The End of Three Month Retroactive Coverage Puts Providers and Families At Risk according to the National Academy of Elder Law Attorneys.

Sec. 114(b) of the American Health Care Act would repeal retroactive coverage of Medicaid eligibility. This puts providers at risk of economic loss; strains family finances; and pits providers against family members for recoupment of expenses, potentially through litigation.

Family Caregivers Provide the Bulk of Care, Often until Exhaustion.

Many Americans take pride in caring for their families, including those that need long-term services and supports (LTSS). In economic terms, one study estimates that unpaid caregivers provide close to four times the amount of services than Medicaid LTSS.

Oftentimes, family members place themselves under extreme emotional, physical, and financial strain. Family caregivers often give up working full time to provide care, often foregoing saving for retirement, paying into Social Security, and resulting in economic insecurity over their life-times. Many families turn to public benefits only when they can no longer provide the care their loved one needs.

Current Law Allows for Up to Three Months of Retroactive Coverage.

As a condition of participating in the Medicaid program, states must provide retroactive Medicaid coverage up to three months prior to application, provided the individual with a disability could have qualified for benefits during that time frame. Sec. 114 of the American Health Care Act would end this retroactive coverage except for during the month of application.

Three Month Retroactive Coverage Protects Families and Providers Alike.

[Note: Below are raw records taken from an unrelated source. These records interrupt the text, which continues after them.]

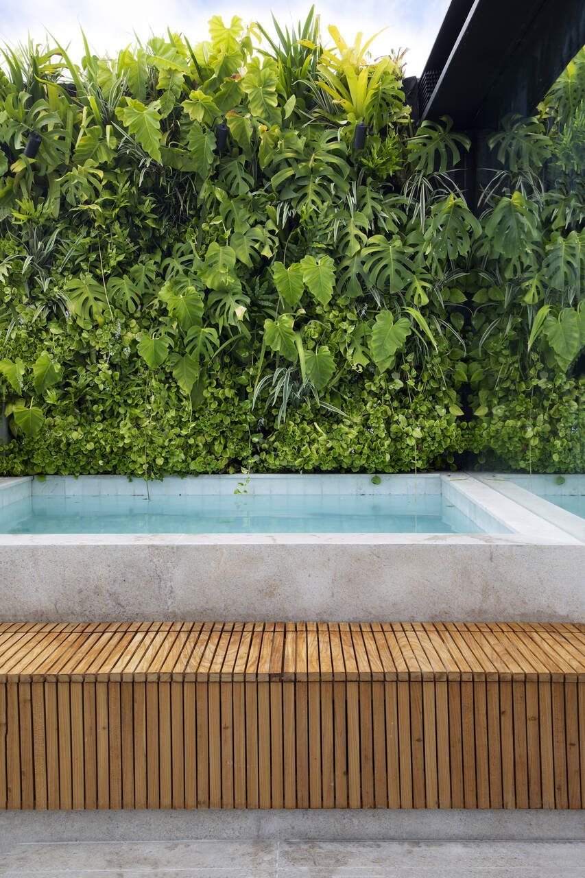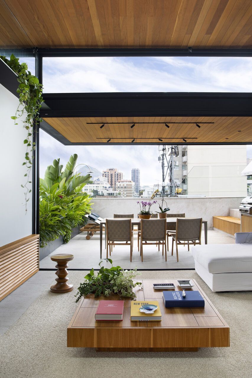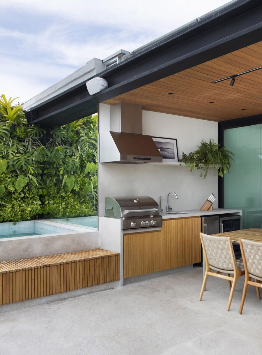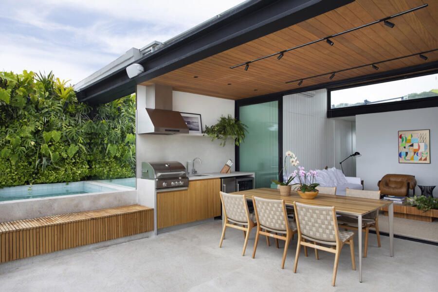 A área externa da cobertura também recebeu atenção especial. O paisagismo foi planejado para criar um clima de bem-estar, com mais privacidade para os momentos de lazer em família ou entre amigos. A escolha das plantas e a forma como foram posicionadas ajudam a compor um ambiente tranquilo, que funciona como uma extensão da casa.
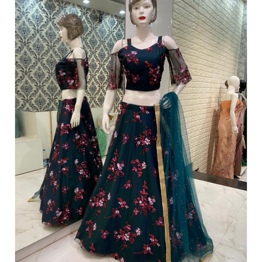 Dark Green Lehenga Choli with Floral Motif accompanied by a matching net dupatta.
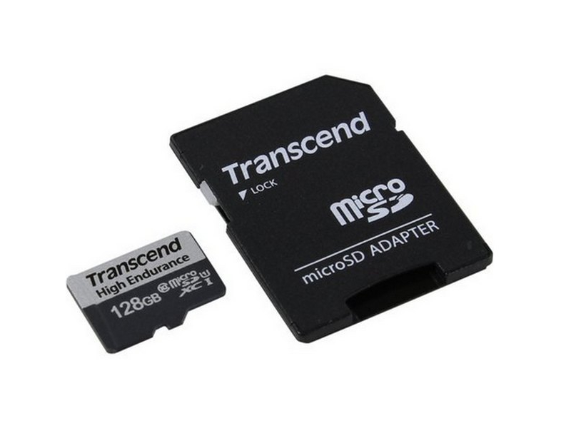 128GB MicroSD (Class 10) UHS-I (U1),+SD adapter, Transcend "TS128GUSD350V" (R/W:95/45MB/s,Endurance)
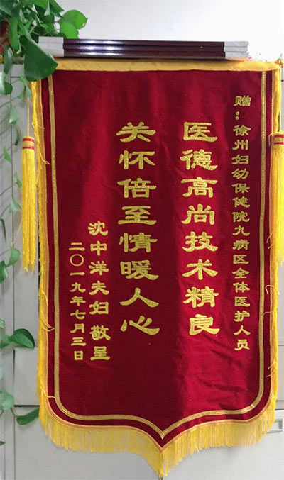 沈中洋贈錦旗感謝我院九病(bìng)區全體醫(yī)護人員
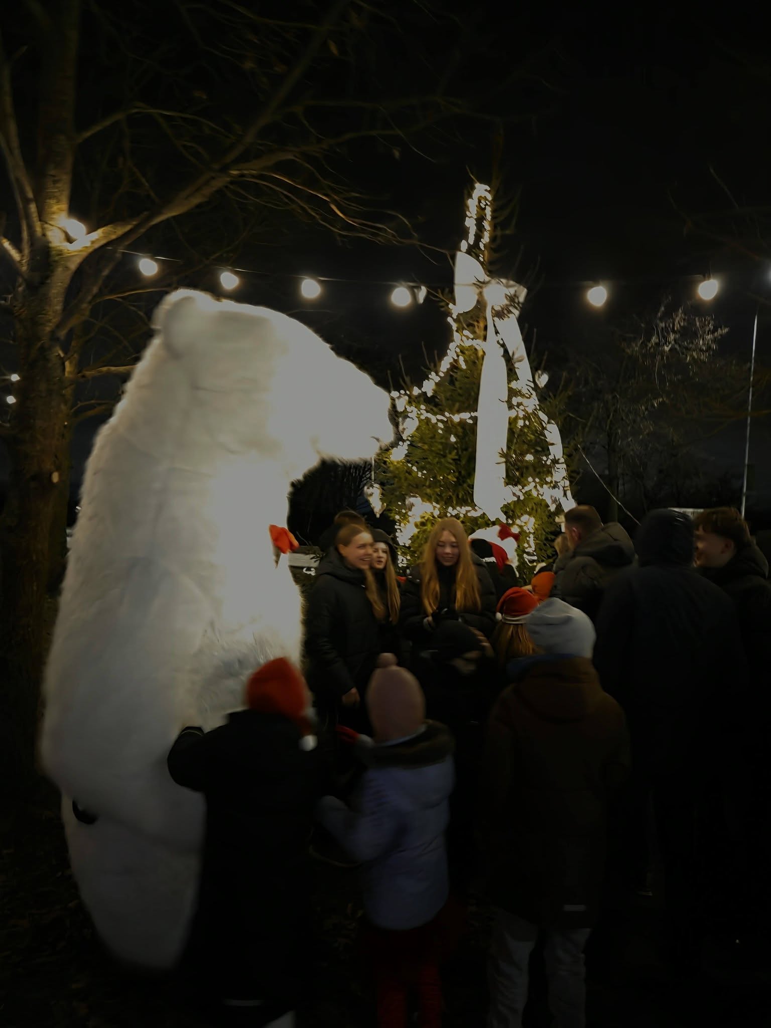 Vakarą užbaigė eglutės įžiebimas, sausainiai bei arbata ir netikėtas svečias – baltoji meška!
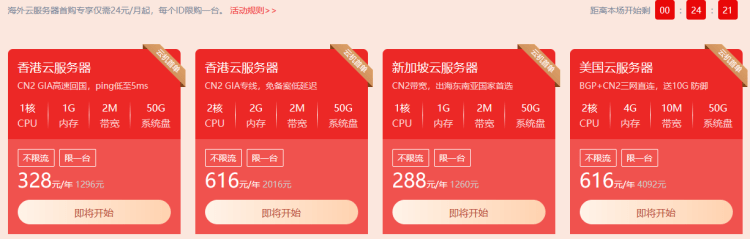 4款美国/新加坡/香港云服务器限量抢,不限流量,价格低至24元/月。活动期间,每天10点,14点,18点,22点,准时开秒,每个ID限购一台,秒完为止。

Often families hope to support their loved one with a disability as long as possible. They may have personally racked up significant expenses paying for that individual’s health and LTSS needs. Sometimes, admission to a nursing home happens suddenly after hospitalization. The individual may get directly discharged by the hospital to a nursing facility for rehabilitation. Medicaid eligibility rules are complex and the applications onerous.

By the time the adult child of the Medicaid beneficiary makes the application, it may be a month or so after admission to the nursing home. Yet, the nursing facility needs to ensure it gets compensated for providing services to that individual.

The adult child does not want to see his or her parent discharged because the parent lack funds. Retroactive coverage ensures the provider can collect payment for a beneficiary who meets the strict means-tested standards of Medicaid, but has not yet finalized the application process while receiving services.

Repeal of These Provisions Would Put Families at Risk of Lawsuits and Debt Collection.

Without retroactive coverage, from the perspective of the nursing home provider, they now have provided care without compensation. Depending on the contractual obligations of the family caregiver, the nursing facility could sue them by claiming they should have filed the Medicaid application more swiftly, holding them personally liable for payment of services.

This increase in litigation does not serve beneficiaries, their families, nor their providers. In the alternative, a nursing facility may require money paid in advance until Medicaid starts providing coverage.

This could put a tremendous financial strain on the families who may decide to hold off on admission, putting the beneficiary at risk for receiving care at the most appropriate setting.